Imagen: Cortesía del Instituto Salk de Estudios Biológicos

“Hubo una hipótesis de larga data que resultó ser incorrecta: que las células simplemente comienzan a fusionar cromosomas y se rompen, generando inestabilidad y muerte celular”, dice Karlseder, quien también es titular de la cátedra Donald y Darlene Shiley de Salk. "Lo que mostramos, en cambio, es una vía mucho más específica que realmente solo toma un ciclo celular para causar una crisis; no tiene nada que ver con la acumulación lenta y constante de inestabilidad genómica".

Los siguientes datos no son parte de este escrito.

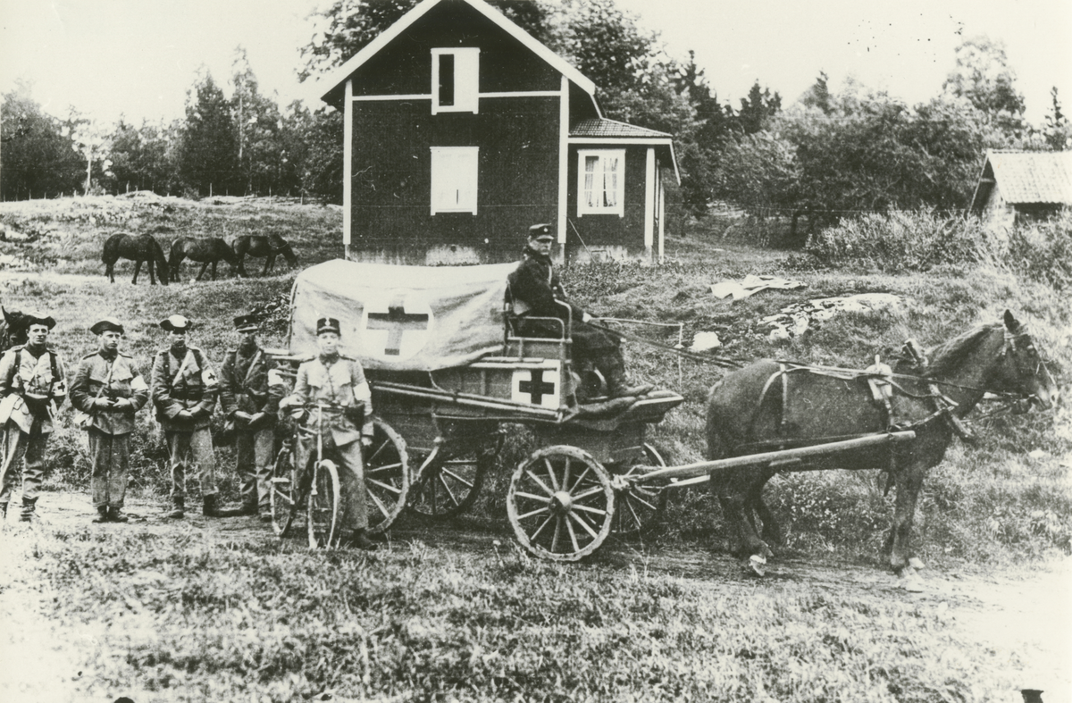 Hästambulans utanför ett hus, med soldater i uniform m/1886 och m/1910..
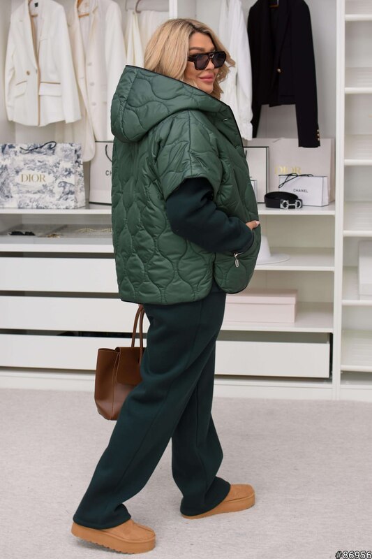 Главный акцент модели — стеганый жилет с выразительным фактурным рисунком. Он визуально собирает образ, добавляет ему объем и делает комплект более «дорогим» на вид. Жилет застегивается на пуговицы, поэтому удобно регулируется по посадке, а функциональные карманы на молнии помогают держать под рукой телефон, ключи и мелочи, не утяжеляя силуэт. Ворот и линия плеч смотрятся аккуратно, а капюшон добавляет практичности и защищенности в ветреную погоду.

Anthony Cesare, Jefe del Grupo de Integridad del Genoma en Instituto de Investigación Médica Infantil en Australia y colaborador del trabajo, dijo que el hallazgo fue muy emocionante y que fue inesperado ver cómo los eventos tempranos en el ciclo celular, las fusiones de telómeros, pasan a una etapa posterior del ciclo celular, la mitosis. “Esto abre nuevas vías para comprender cómo los telómeros controlan el crecimiento celular y las implicaciones de la biología de los telómeros en la quimioterapia”, dice.

Varias quimioterapias, como Taxol para el cáncer de mama, buscan detener el cáncer interrumpiendo la mitosis para que las células cancerosas ya no puedan dividirse. Los investigadores plantean la hipótesis de que pueden mejorar estos inhibidores mitóticos, por ejemplo, desprotegiendo primero los telómeros para hacer que las células sean más susceptibles a los fármacos. También podría ser posible ver si las células de un tumor en particular tenían telómeros más cortos o desprotegidos y, de ser así, esperar que el tumor sea mucho más sensible a los inhibidores mitóticos.

"La vía que hemos encontrado desafía una hipótesis de larga data sobre el comportamiento celular durante la formación temprana de tumores", dice Makoto Hayashi, investigador del Centro Hakubi de Investigación Avanzada de la Universidad de Kyoto y primer autor del nuevo trabajo. "Con suerte, la comprensión integral de la vía nos proporcionará un método novedoso para el diagnóstico temprano de tumores y una oportunidad terapéutica para las etapas muy tempranas del cáncer".

El laboratorio está trabajando actualmente con Deborah Kado, MD, MS, en la Universidad de California, San Diego, para probar estas teorías en pacientes con cáncer de mama recién diagnosticado.

Los autores del estudio son Makoto T. Hayashi de la Universidad de Kyoto, Anthony J. Cesare del Instituto de Investigación Médica Infantil y Teresa Rivera y Jan Karlseder del Instituto Salk.

Este trabajo fue financiado por la Programa de ciencias de la frontera humana y del Sociedad Japonesa para la Promoción de la Ciencia Becas Postdoctorales para la Investigación en el Extranjero, la Los Institutos Nacionales de Salud, la silla Donald y Darlene Shiley, la Fundación de la calle Highland, la Fundación Fritz B. Burns, la Fundación Esmeralda, y la Centro Glenn de Investigación sobre el Envejecimiento.